**Collected material**
== Segment start ==

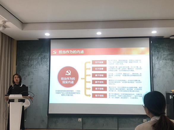 10月15日下午,伟德国际victor1946党委副书记、副院长奚晓岚以《勇担当,善作为,努力奋进新时代》为主题讲授专题党课,她从“什么是担当作为”、“担当作为是党员的基本素质”、“为何强调要担当作为”、“新时代党员干部如何担当作为”等四个方面深入浅出地解读了新时代党员的担当与作为。她强调,新时代开启新征程,新征程呼唤新担当新作为,全体党员要不忘初心、牢记使命,自觉加满油、把稳舵、鼓足劲,全面贯彻落实习近平新时代中国特色社会主义思想和党的十九大精神,把实干担当作为讲政治的根本要求,自觉做到勇挑重担、冲锋在前,以行动彰显实干,以实干扛起担当。
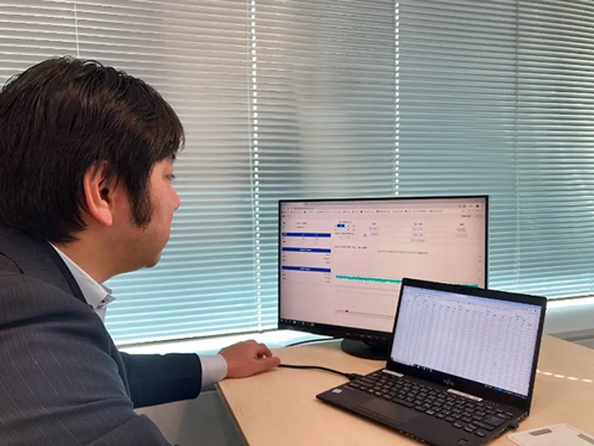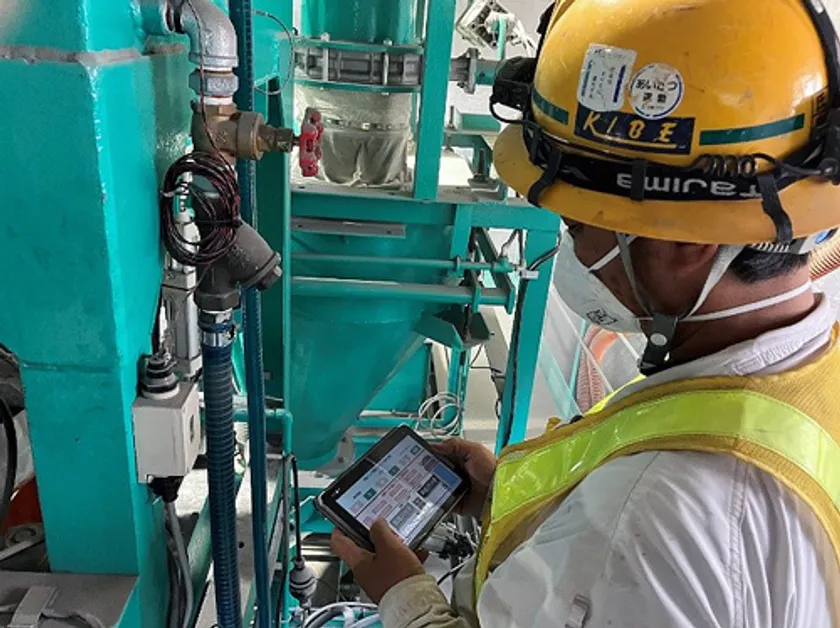 写真1:タブレットにより操作室から離れた場所で運転操作
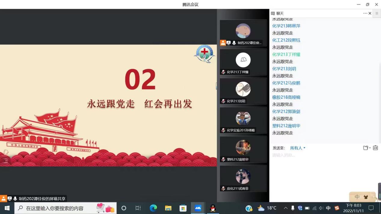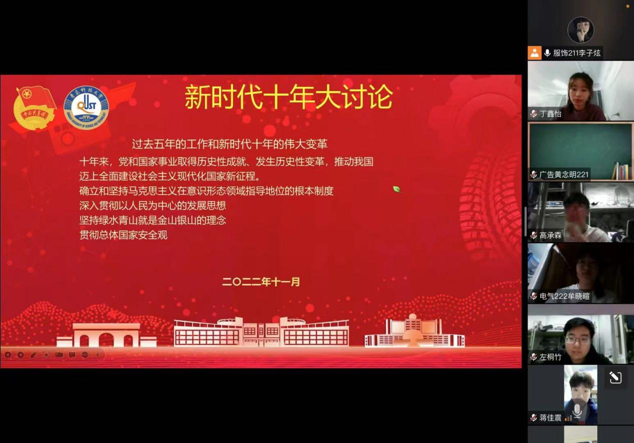 坚持善学善讲,开展宣传阐释。“我们要立志做有理想、敢担当、能吃苦、肯奋斗的新时代好青年,助力国家科技自立自强,实现科研报国梦。”化学爱好者协会临时团支部书记丁祥耀参加完学生社团“学习二十大 永远跟党走 奋进新征程”主题团日活动后感慨道。校团委社团管理部组织学生社团骨干宣讲团走进各学生社团临时团支部,宣讲党的二十大精神。他们中的成员有认真科研的全国大学生实验技能大赛一等奖获得者、综合素质突出的国家奖学金获得者、投身西部教育的学校研究生支教团成员。通过分享学习心得体悟,讲述将个人成长融入祖国发展、社会进步的奋斗故事,进一步坚定了青年学生听党话、跟党走的信心和决心。

== Segment end ==

**Exercise**
Give the listing above again word for word, without its pictures.

**Exercise answer**
 10月15日下午,伟德国际victor1946党委副书记、副院长奚晓岚以《勇担当,善作为,努力奋进新时代》为主题讲授专题党课,她从“什么是担当作为”、“担当作为是党员的基本素质”、“为何强调要担当作为”、“新时代党员干部如何担当作为”等四个方面深入浅出地解读了新时代党员的担当与作为。她强调,新时代开启新征程,新征程呼唤新担当新作为,全体党员要不忘初心、牢记使命,自觉加满油、把稳舵、鼓足劲,全面贯彻落实习近平新时代中国特色社会主义思想和党的十九大精神,把实干担当作为讲政治的根本要求,自觉做到勇挑重担、冲锋在前,以行动彰显实干,以实干扛起担当。
 写真1:タブレットにより操作室から離れた場所で運転操作
 坚持善学善讲,开展宣传阐释。“我们要立志做有理想、敢担当、能吃苦、肯奋斗的新时代好青年,助力国家科技自立自强,实现科研报国梦。”化学爱好者协会临时团支部书记丁祥耀参加完学生社团“学习二十大 永远跟党走 奋进新征程”主题团日活动后感慨道。校团委社团管理部组织学生社团骨干宣讲团走进各学生社团临时团支部,宣讲党的二十大精神。他们中的成员有认真科研的全国大学生实验技能大赛一等奖获得者、综合素质突出的国家奖学金获得者、投身西部教育的学校研究生支教团成员。通过分享学习心得体悟,讲述将个人成长融入祖国发展、社会进步的奋斗故事,进一步坚定了青年学生听党话、跟党走的信心和决心。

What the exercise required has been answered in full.